Figure 2.

Schematic overview of early components involved in salt sensing. High external Na⁺ concentration leads to elevation of intracellular Ca²⁺, phosphatidic acid (PA), and cGMP. Cld PA can activate NHA (SOS1) in an independent manner. The main target of Ca²⁺ is CIBL4 (SOS3). The CIBL4 is capable to form the complex with CBL-interacting serine/threonine-protein kinase 24 (CIPK24, SOS2). The CIBL4-CIPK24 complex activates NHA (SOS1) and inhibits Na⁺ uptake by HKT2. CIPK24 together with SCaBP (SOS3 like protein) is involved in activation of the V-ATPase. CIPK24 participates in the activation of vacuolar transporters such as CAX and NHX. The rise in cytosolic Ca²⁺ concentration could trigger interaction of RSA1-RITF1. RSA1-RITF1 complex activates promoter of SOS1 gene. PA is involved in activation of mitogen-activated protein kinase 6 (MPK6). MPK6 can directly phosphorylate SOS1. The Ca²⁺-dependent kinase (CDPK3) and cytosolic Ca²⁺ lead to activation of vacuolar two-pore K⁺ channels (TPKs) and subsequent K⁺ release from vacuole.

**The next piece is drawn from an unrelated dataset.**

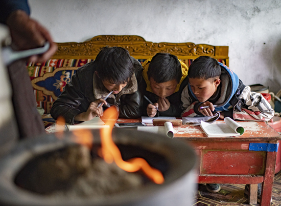 扎西卓瑪在寄宿制學(xué)校上學(xué),在校時總是很早就起床背誦課文,可在家就需要靠自覺了。
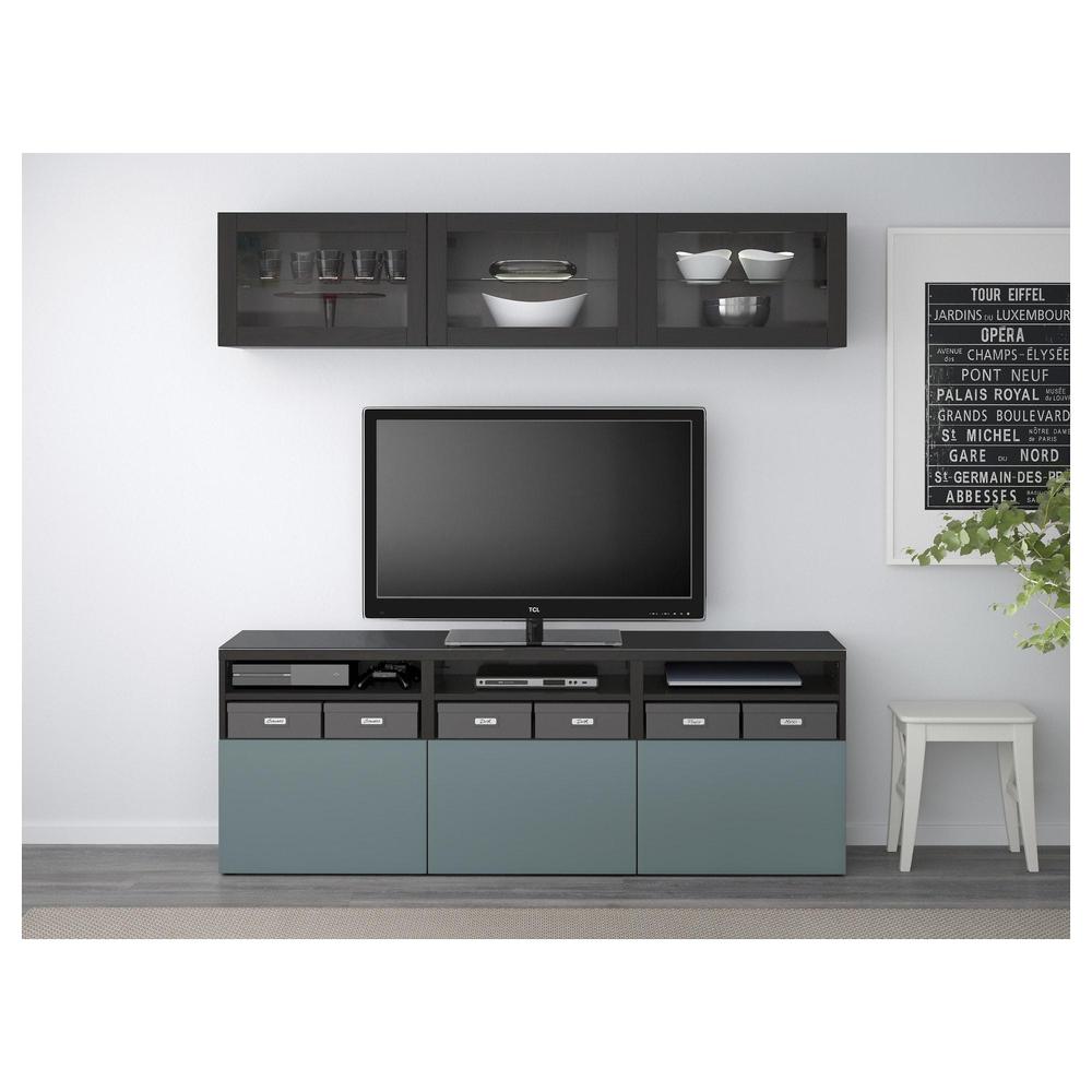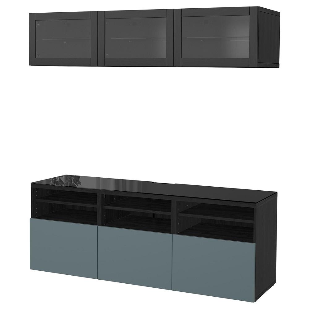 БЕСТО Шкаф для ТВ, комбин/стеклян дверцы - черно-коричневый/Вальвикен серо-бирюзовый, прозрачное стекло, направляющие ящика, плавно закр

Due to the plasma membrane localization, SOS5 protein is considered to be potential candidate for extracellular Na⁺ sensing and helps maintain of cell wall integrity and architecture. Annexin1 (ANN1) is capable to sense the high concentrations of extracellular Na⁺ by mediating ROS-activated Ca²⁺ influx through the plasma membrane of plant cells. The rise of cGMP leads to inhibition of Na⁺ uptake, possibly via cyclic nucleotide–gated ion channels (CNGSs) and glutamate receptor (GLRs). PIP2;1, CNGCs, and GLRs could be blocked by exogenous Ca²⁺. The ROS production leads to K⁺ leak via activation of outward K⁺ channels – KOR (guard cells outward K⁺ channel, GORK) and NSCC. The intracellular accumulation of ROS at high levels can trigger programmed cell death (PCD).